EXERCISE DESCRIPTION: In the records below, repeat exactly the lines between the line holding "Enjoy your delicious" and the line holding "- Diámetro de", inclusive, and drop the pictures.

DATASET EXTRACT:
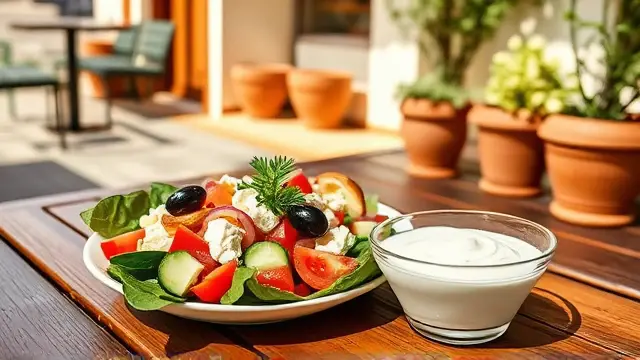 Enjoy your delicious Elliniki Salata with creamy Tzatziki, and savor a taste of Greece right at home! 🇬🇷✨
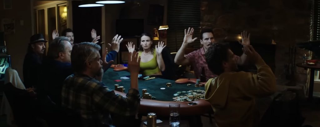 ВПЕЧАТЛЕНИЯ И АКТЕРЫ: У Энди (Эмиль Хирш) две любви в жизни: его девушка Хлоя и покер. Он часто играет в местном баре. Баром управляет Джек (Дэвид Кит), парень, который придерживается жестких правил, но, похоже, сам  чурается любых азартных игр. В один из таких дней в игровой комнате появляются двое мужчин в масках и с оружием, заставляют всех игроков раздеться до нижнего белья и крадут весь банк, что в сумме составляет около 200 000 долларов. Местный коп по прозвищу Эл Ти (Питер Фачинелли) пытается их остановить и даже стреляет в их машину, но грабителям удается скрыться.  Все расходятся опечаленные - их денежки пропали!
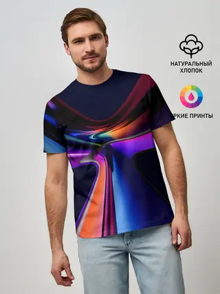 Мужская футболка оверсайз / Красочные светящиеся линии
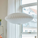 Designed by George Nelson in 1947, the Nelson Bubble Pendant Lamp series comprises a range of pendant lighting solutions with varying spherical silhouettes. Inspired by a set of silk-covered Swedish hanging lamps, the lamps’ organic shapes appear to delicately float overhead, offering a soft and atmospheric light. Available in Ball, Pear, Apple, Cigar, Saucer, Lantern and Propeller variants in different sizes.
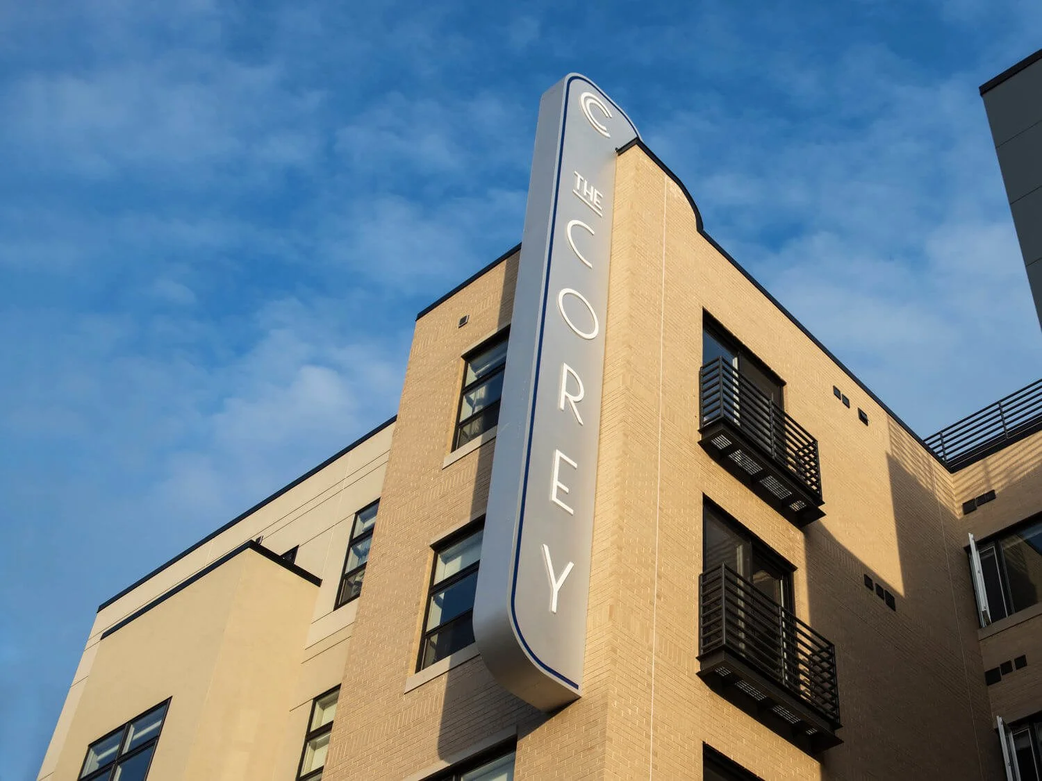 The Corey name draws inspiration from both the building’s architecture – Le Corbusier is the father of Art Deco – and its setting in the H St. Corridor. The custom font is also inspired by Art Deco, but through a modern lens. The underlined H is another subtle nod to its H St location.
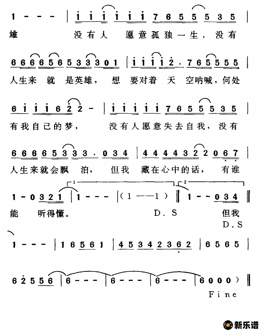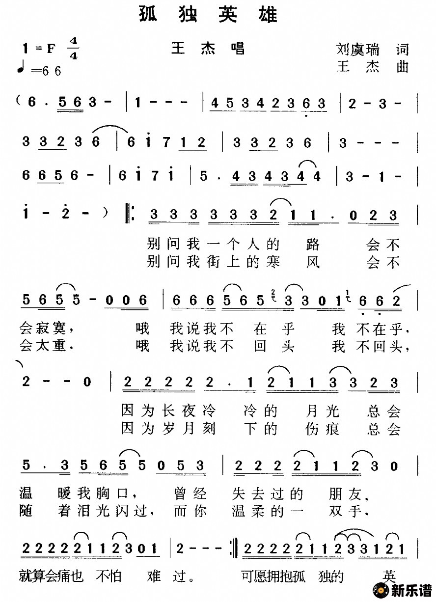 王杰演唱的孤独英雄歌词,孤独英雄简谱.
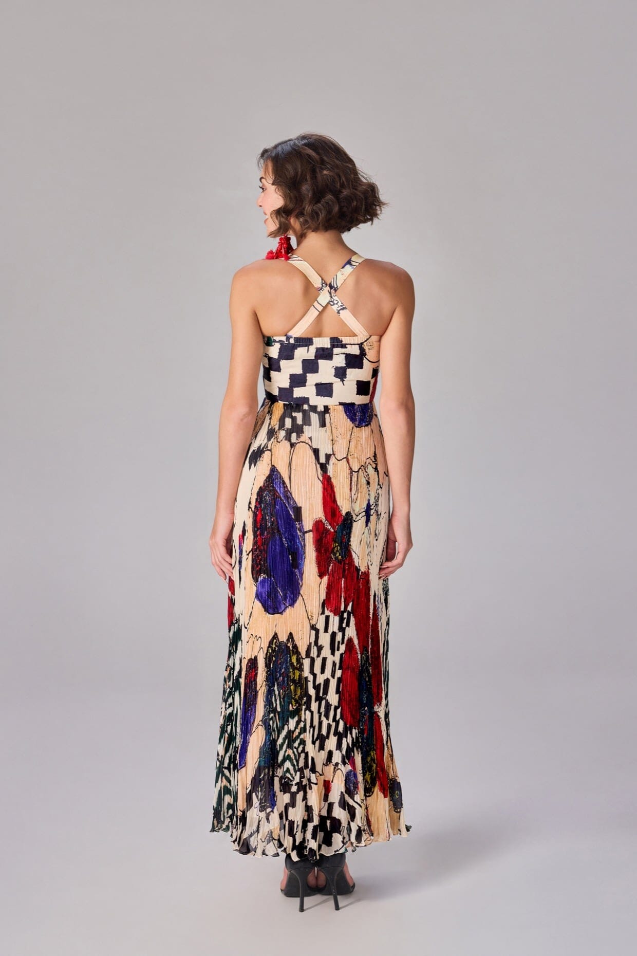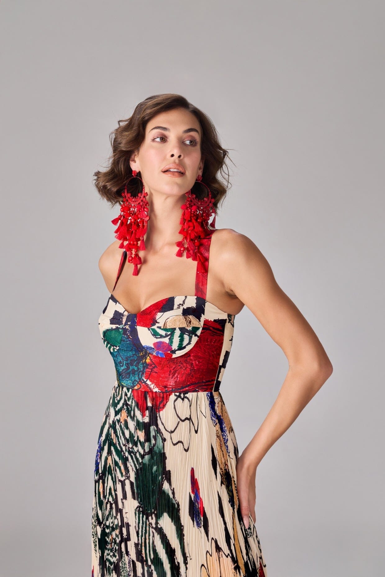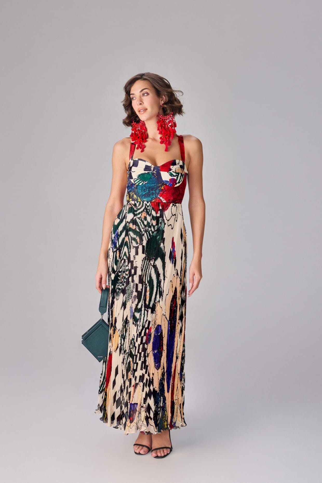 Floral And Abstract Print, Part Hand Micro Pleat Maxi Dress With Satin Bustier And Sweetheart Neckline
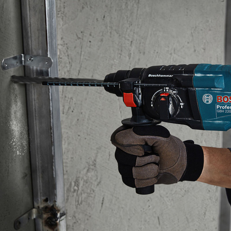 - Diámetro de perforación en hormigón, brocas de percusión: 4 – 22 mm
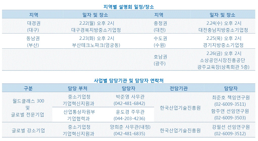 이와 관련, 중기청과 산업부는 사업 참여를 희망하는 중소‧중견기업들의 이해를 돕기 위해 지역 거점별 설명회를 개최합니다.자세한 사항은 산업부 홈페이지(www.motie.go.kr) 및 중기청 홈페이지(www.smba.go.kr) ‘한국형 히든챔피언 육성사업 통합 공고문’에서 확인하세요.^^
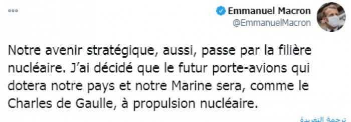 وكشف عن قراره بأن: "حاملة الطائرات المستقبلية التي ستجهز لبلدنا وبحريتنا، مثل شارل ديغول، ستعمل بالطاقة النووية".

* * *

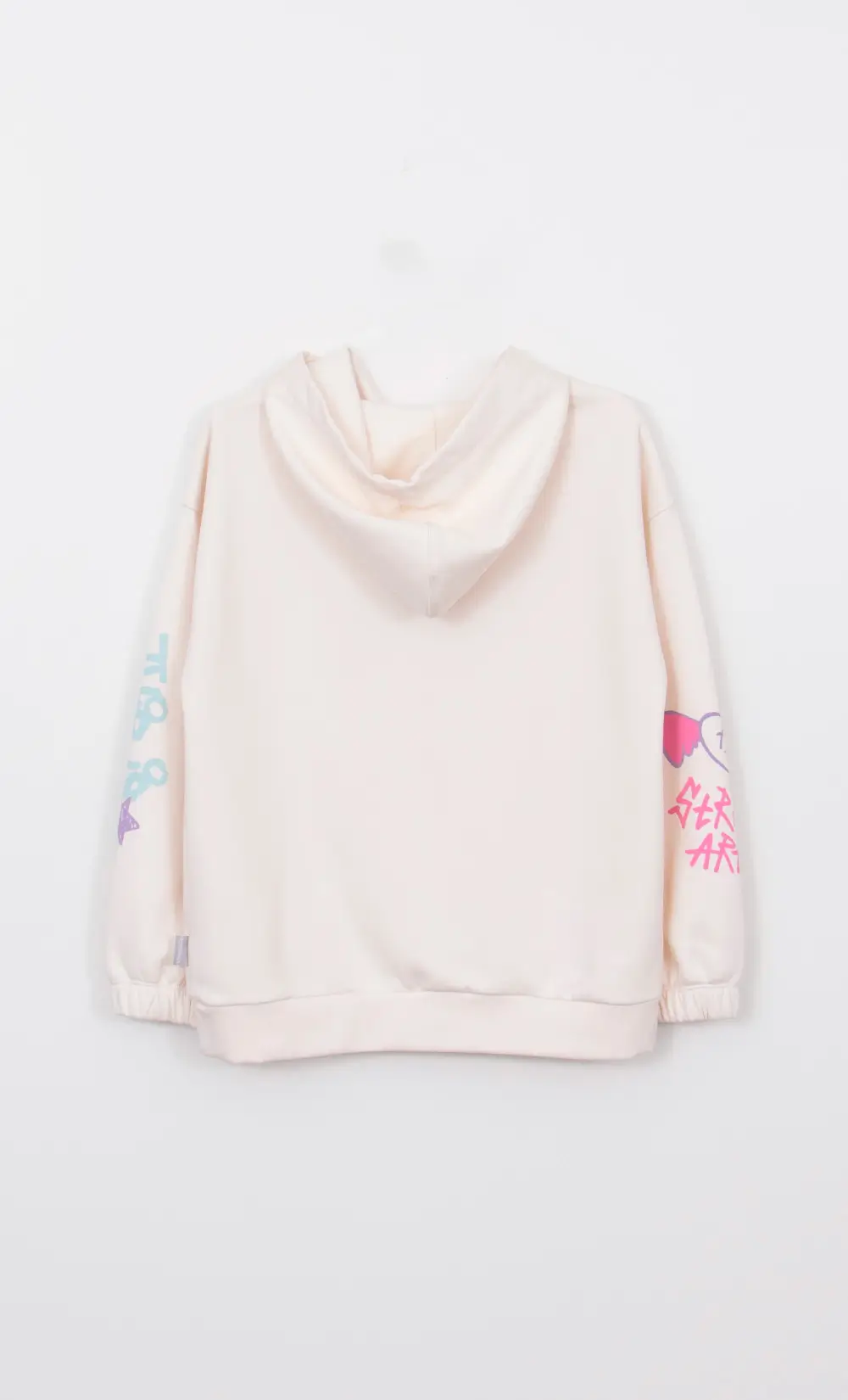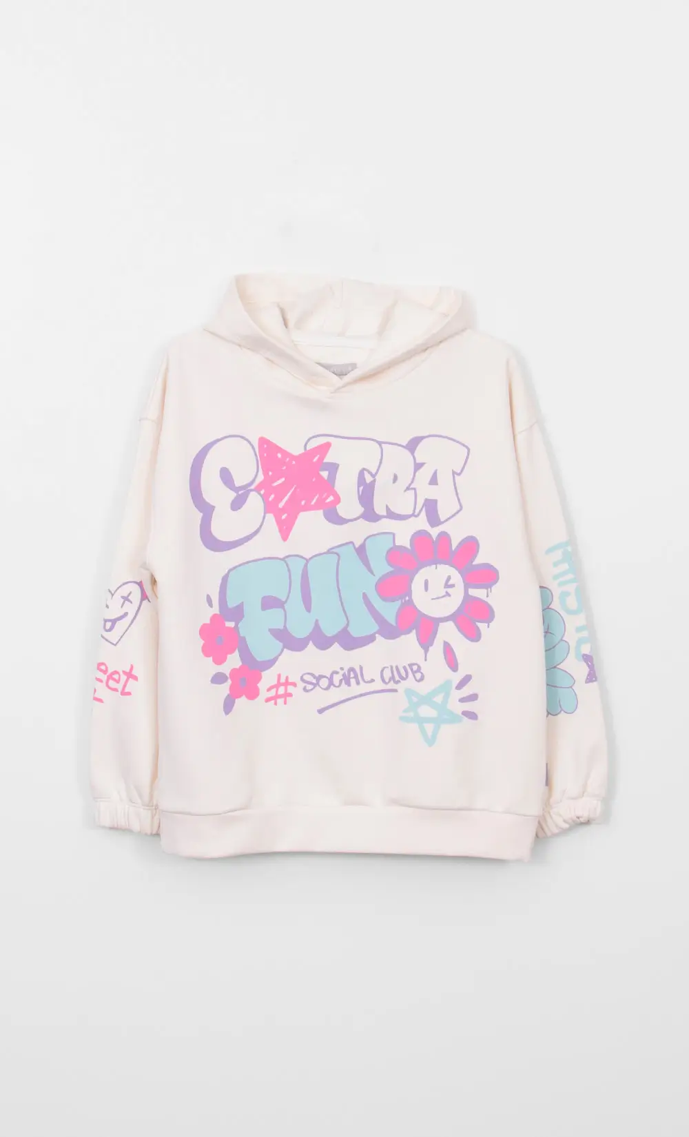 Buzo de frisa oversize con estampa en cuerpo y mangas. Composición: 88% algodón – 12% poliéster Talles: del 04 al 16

SOLUTION TO THIS TASK:
 Enjoy your delicious Elliniki Salata with creamy Tzatziki, and savor a taste of Greece right at home! 🇬🇷✨
 ВПЕЧАТЛЕНИЯ И АКТЕРЫ: У Энди (Эмиль Хирш) две любви в жизни: его девушка Хлоя и покер. Он часто играет в местном баре. Баром управляет Джек (Дэвид Кит), парень, который придерживается жестких правил, но, похоже, сам  чурается любых азартных игр. В один из таких дней в игровой комнате появляются двое мужчин в масках и с оружием, заставляют всех игроков раздеться до нижнего белья и крадут весь банк, что в сумме составляет около 200 000 долларов. Местный коп по прозвищу Эл Ти (Питер Фачинелли) пытается их остановить и даже стреляет в их машину, но грабителям удается скрыться.  Все расходятся опечаленные - их денежки пропали!
 Мужская футболка оверсайз / Красочные светящиеся линии
 Designed by George Nelson in 1947, the Nelson Bubble Pendant Lamp series comprises a range of pendant lighting solutions with varying spherical silhouettes. Inspired by a set of silk-covered Swedish hanging lamps, the lamps’ organic shapes appear to delicately float overhead, offering a soft and atmospheric light. Available in Ball, Pear, Apple, Cigar, Saucer, Lantern and Propeller variants in different sizes.
 The Corey name draws inspiration from both the building’s architecture – Le Corbusier is the father of Art Deco – and its setting in the H St. Corridor. The custom font is also inspired by Art Deco, but through a modern lens. The underlined H is another subtle nod to its H St location.
 王杰演唱的孤独英雄歌词,孤独英雄简谱.
 Floral And Abstract Print, Part Hand Micro Pleat Maxi Dress With Satin Bustier And Sweetheart Neckline
 - Diámetro de perforación en hormigón, brocas de percusión: 4 – 22 mm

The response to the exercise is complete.